Dozier School was a juvenile reform school school for boys in Florida. It was open for over 100 years, from 1900-2011, and its entire history is full of stories of abuse, deaths, and disappearances. This book details the history of the school and the fight to excavate the graveyard of unmarked graves on the school grounds, in the hopes of answering questions about the alleged abuse and reuniting families with the lost remains of their loved ones.
The story of Dozier School is horrifying, and it is covered well here. The author does a fantastic job of explaining how race, poverty, and historical events contributed to the creation and management of the school, and how long-held local prejudices interfered with attempts to investigate the school even after its closure. It's a terrible story, but it needs to be told.
I do think this book needed to clean up its timeline. It jumps around and is sometimes difficult to follow, and some threads disappear, leaving unanswered questions. Too much time was spent on the legal battle to excavate the graveyard--it's important to the story and needs to be included, but it should be more concise.
The weird thing about this book is that it was written by Erin Kimmerle, the forensic anthropologist who led the investigation and excavation....BUT it barely focused on the excavation, the results, what they found, or how the connected the physical remains with the historical information to make identifications. Basically, all the parts that I was really interested in reading about, and the topics that I expected from this particular author to cover in detail. She also jumps around frequently, making it hard to follow the story of any one boy, and she will often start talking about something in detail and then just STOP without finishing the story.

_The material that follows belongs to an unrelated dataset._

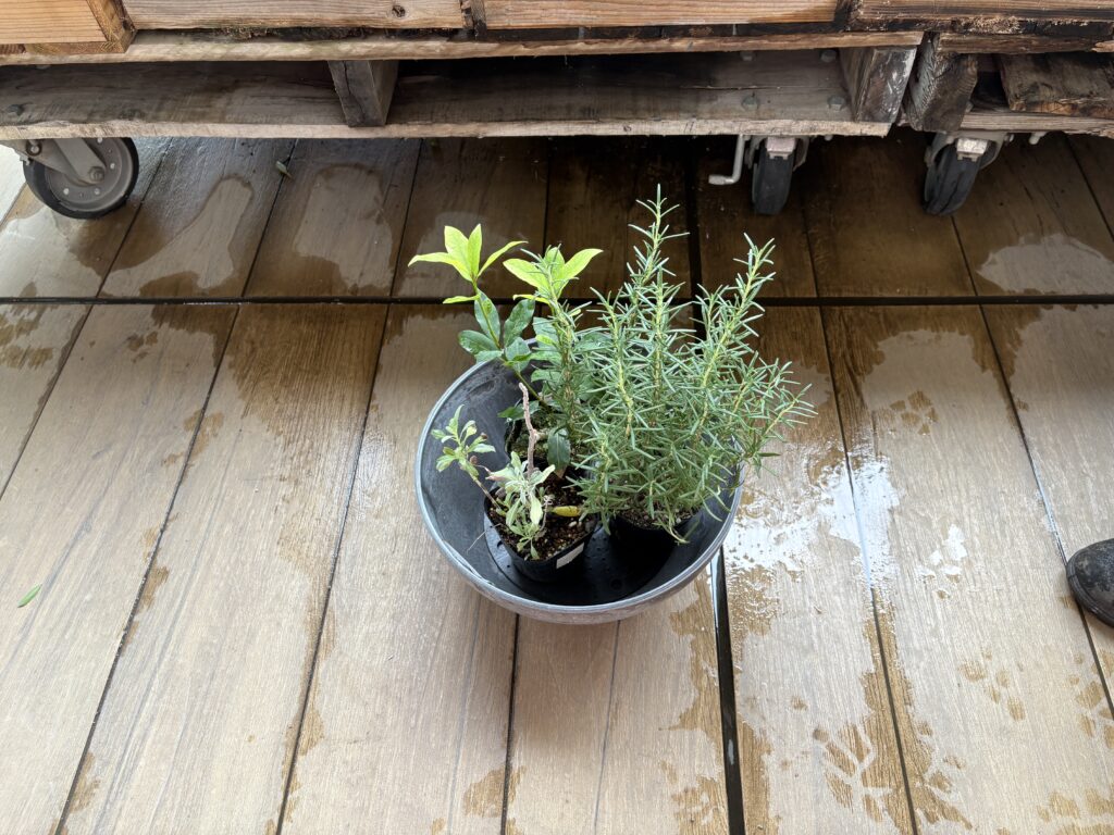 持ち帰ったハーブたちはさっそく日当たりの良いところに置きました。

Here is one specific, frustrating example of an incomplete story: a dormitory fire caused multiple deaths in 1914. The school reported that the remains were too damaged to be identified, the bodies were buried in the graveyard, and families were notified. However, there were multiple inconsistencies in the reports of how many deaths had occurred and who they were. The book describes how during the excavation, they discovered 7 coffins containing charred remains from the fire, but the remains were only from 3 individuals mixed together and divided among 7 coffins. So then we get tons of detail about how the team returns the the site, finds the area where the dorm burned, excavates until they find debris from the fire, including bones, and then.....we jump to talking about something else entirely and never return to the fire victims. No info about if the new bones were consistent with the previous 3 individuals or not, no theories about what happened to the bodies of the other reported victims, nothing.
However, despite some of the narrative issues, Dozier School represents one of those uncomfortable parts of history that we still all need to know about, and the book is definitely worth a read.
*eARC provided by NetGalley in exchange for an honest review.
**As a note, I read this book as an eARC that did not include any photos, but I did notice there were photo references at the end of the book, so I may have missed out on images that may have provided additional information.